4 Cases of Faulty Follow-Up: Cutting the legal risk of breast cancer screening

Inadequate follow-up is usually at the root of lawsuits that allege missed or late diagnosis

September 2005 · Vol. 17, No. 9


Breast cancer is the number 1 most frequently misdiagnosed condition in malpractice claims, and failure to perform adequate and timely follow-up is often at the root of these cases.

This article considers lessons to be learned from 4 malpractice cases involving allegations of inadequate follow-up and misdiagnosis of breast cancer. We focus on specific red flags, and a “systems approach” to adequate follow-up of breast screening findings and patient complaints.

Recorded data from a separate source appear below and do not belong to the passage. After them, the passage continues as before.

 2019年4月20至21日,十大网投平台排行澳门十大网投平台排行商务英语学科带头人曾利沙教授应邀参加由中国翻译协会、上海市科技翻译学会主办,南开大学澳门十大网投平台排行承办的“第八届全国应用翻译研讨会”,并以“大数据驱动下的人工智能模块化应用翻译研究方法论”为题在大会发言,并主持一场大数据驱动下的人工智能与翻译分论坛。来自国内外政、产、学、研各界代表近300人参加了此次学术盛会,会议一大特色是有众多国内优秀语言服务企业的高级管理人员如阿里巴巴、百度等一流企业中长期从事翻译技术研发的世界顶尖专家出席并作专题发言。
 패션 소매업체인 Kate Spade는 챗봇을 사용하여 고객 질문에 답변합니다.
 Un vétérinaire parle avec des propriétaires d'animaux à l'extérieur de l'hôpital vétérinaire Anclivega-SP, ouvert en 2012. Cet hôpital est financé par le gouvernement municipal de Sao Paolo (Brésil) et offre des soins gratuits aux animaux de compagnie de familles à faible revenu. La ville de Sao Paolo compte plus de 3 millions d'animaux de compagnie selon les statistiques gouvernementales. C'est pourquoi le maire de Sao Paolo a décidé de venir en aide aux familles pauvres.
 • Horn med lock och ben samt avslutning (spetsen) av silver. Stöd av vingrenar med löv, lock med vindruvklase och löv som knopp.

We focus on these questions:

  • Which are the most important factors in risk management related to breast cancer?
  • What can you do to reduce your risk?

We analyzed 132 breast cancer cases closed by ProMutual Group of Boston, the total number of breast cancer cases closed by the company between January 1999 and December 2004. These cases closed with an aggregate indemnity payment of over $47 million, including 12 cases with payments of $1 million or more.

Defendant lineup

The 132 cases involved 279 defendants, including:

  • 129 radiologists (46%),
  • 78 women’s health professionals (ObGyns, internists, and family physicians; 28%),
  • 43 surgeons (15%),
  • 2 pathologists (1%), and
  • 1 physician each from several different specialties.

Although the number of defendants included in this 6-year study differs only slightly from the number identified in an earlier 12-year study,1 the percentages of cases attributable to women’s health practitioners (28%) and radiologists (46%) have reversed. In the older study, women’s health care providers were cited as defendants in 45% of cases and radiologists in 24%. The other percentages have remained constant.

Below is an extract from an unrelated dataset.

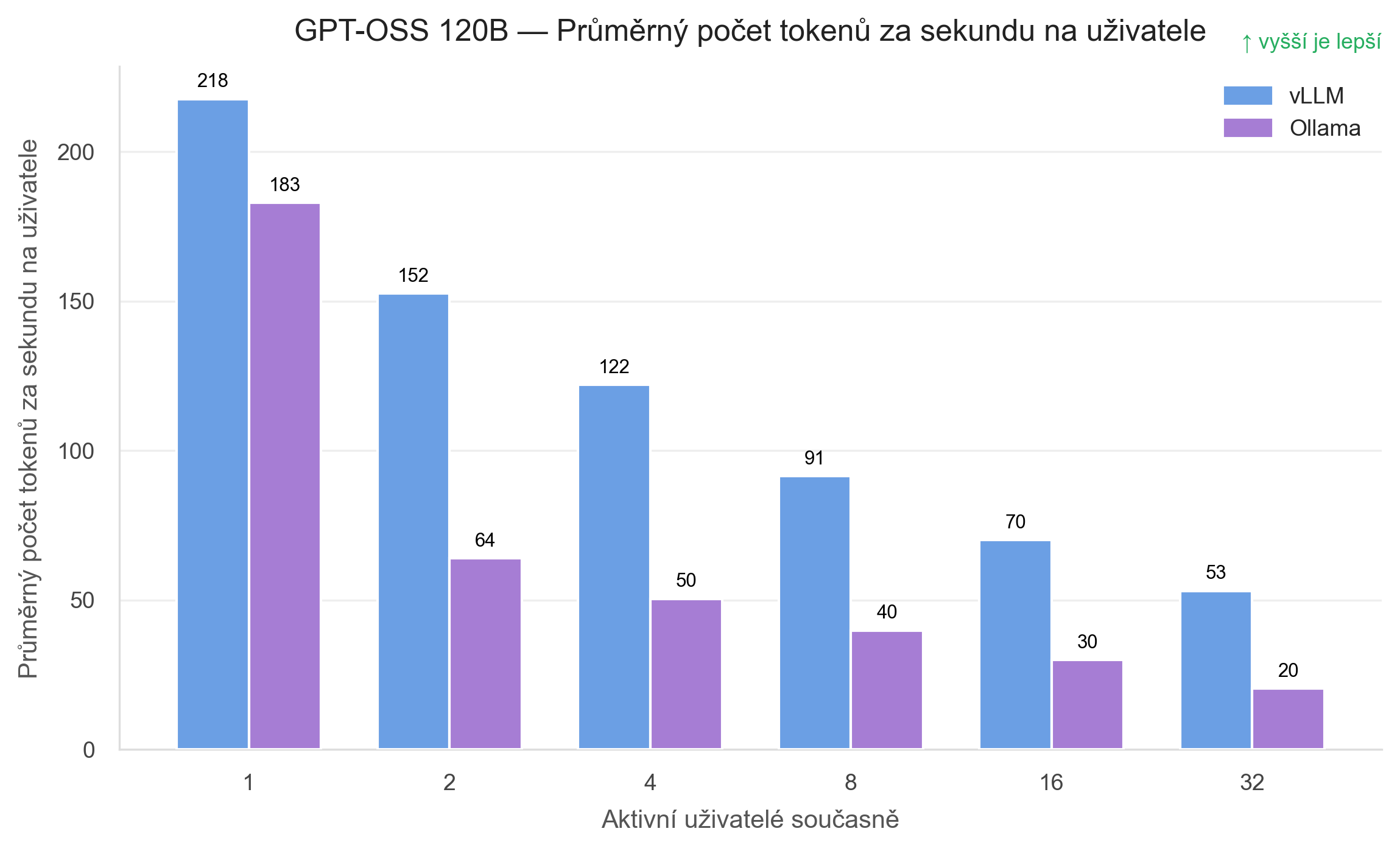 vLLM sice s růstem počtu uživatelů logicky ztrácí část výkonu na jednoho klienta, ale zbylý výkon na jednoho klienta zůstává stále dobře využitelný. Z přibližně 218 tokenů za sekundu při jednom uživateli se dostává na 53 tokenů za sekundu při 32 uživatelích. To je pořád hodnota, se kterou lze provozovat svižné API.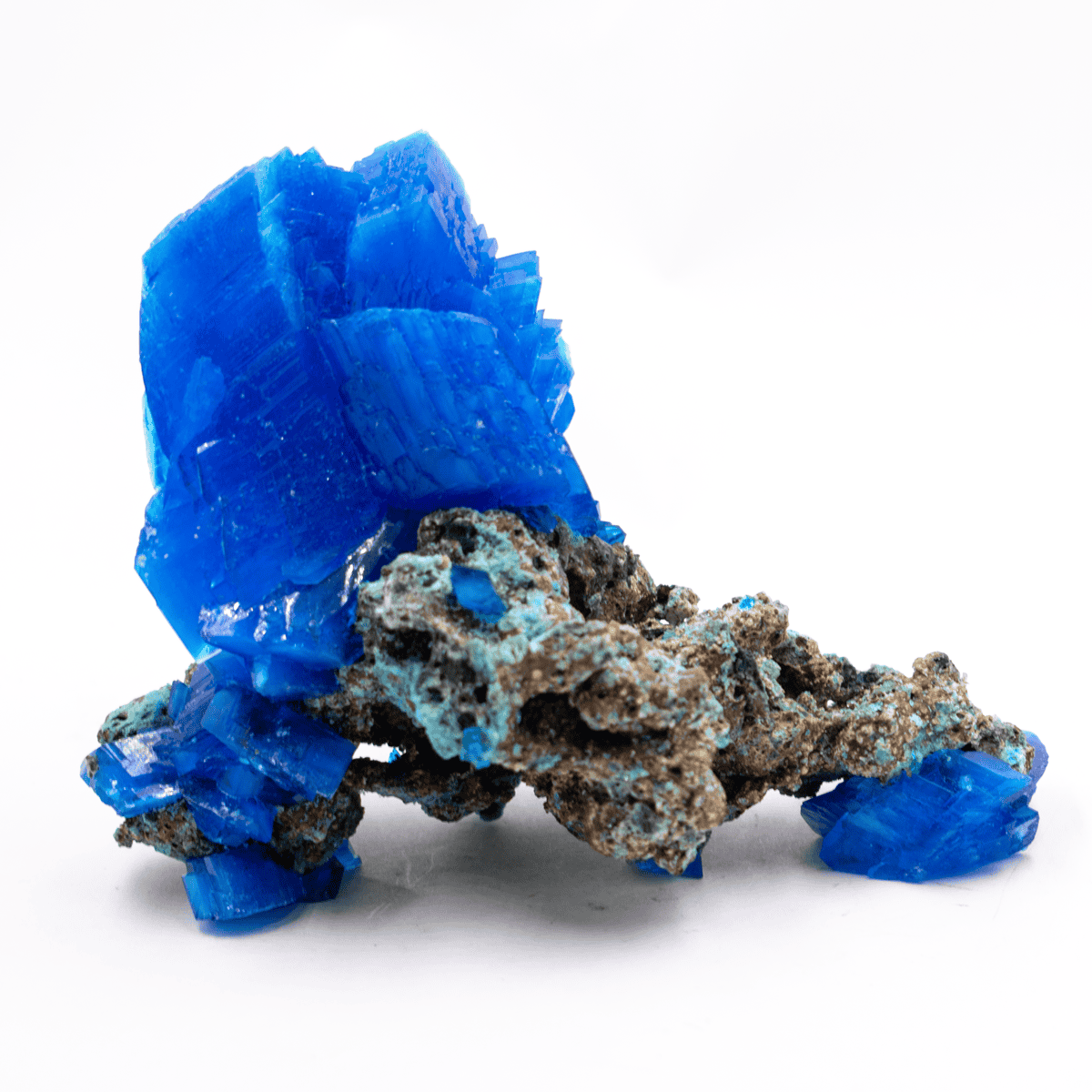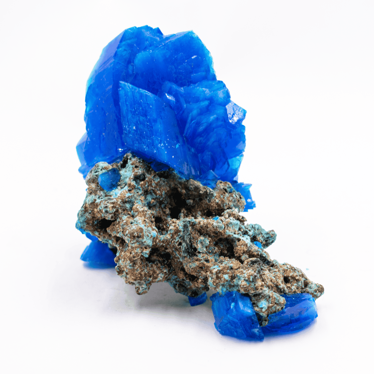 Uměle vyrobené krystaly modré skalice.

Red flag high-risk patients, screen early and in-depth

Diagnosing breast cancer in its earliest stages is the most effective way to reduce risk of litigation, as well as morbidity and mortality. The first step is to identify the patients at high risk and take care to perform earlier, and perhaps more in-depth, screening for these women.

Kern’s triad of errors portends litigation

Kern2 identified a “triad of errors” to beware:

  • young age
  • self-discovered breast mass
  • negative mammogram.

When all 3 of these factors are present, litigation is especially likely.

Analyses of these breast cancer cases1,3 reveals that patients with an eventual breast cancer diagnosis of stage II or higher are more likely to file claims (though claims are not limited to this group).


35 office visits and no screening

Lucy, age 66, was seen 35 times by her physician and other health care providers over an 8-year period. Although she had a positive family history of breast cancer, no clinical breast examination was conducted at any of the visits. Ultimately, a mammogram was performed and found to be suspicious for cancer. A biopsy was positive. One year later, she had widespread metastases and filed a malpractice claim. Defense experts faulted the physician for “failing to undertake any preventive care.”

The case closed with an indemnity payment in the $500,000 range.

Completely omitting breast cancer screening invites a lawsuit, but avoiding litigation is not as simple as performing regular screening.

You must be prepared to question negative test results when the clinical examination is positive, to listen to the patient, and to follow through to diagnosis each positive clinical finding and every complaint that the patient brings up.

Inadequate follow-up: Many and varied


Negative aspirate and palpable mass

Fiona, 33, presented to her ObGyn with a painful breast mass of 3 months’ duration. The ObGyn referred her to a surgeon, who performed a fine-needle aspiration. Cytology revealed neither cells nor fluid, and the surgeon diagnosed “residual fibrocystic changes.” Eighteen months later Fiona was diagnosed with metastases to the liver. Defense experts faulted the ObGyn for not following up on the negative fine-needle aspiration: “When a needle aspirate is negative or does not reveal fluid and a mass is palpated, the mass is cancer until proven otherwise.”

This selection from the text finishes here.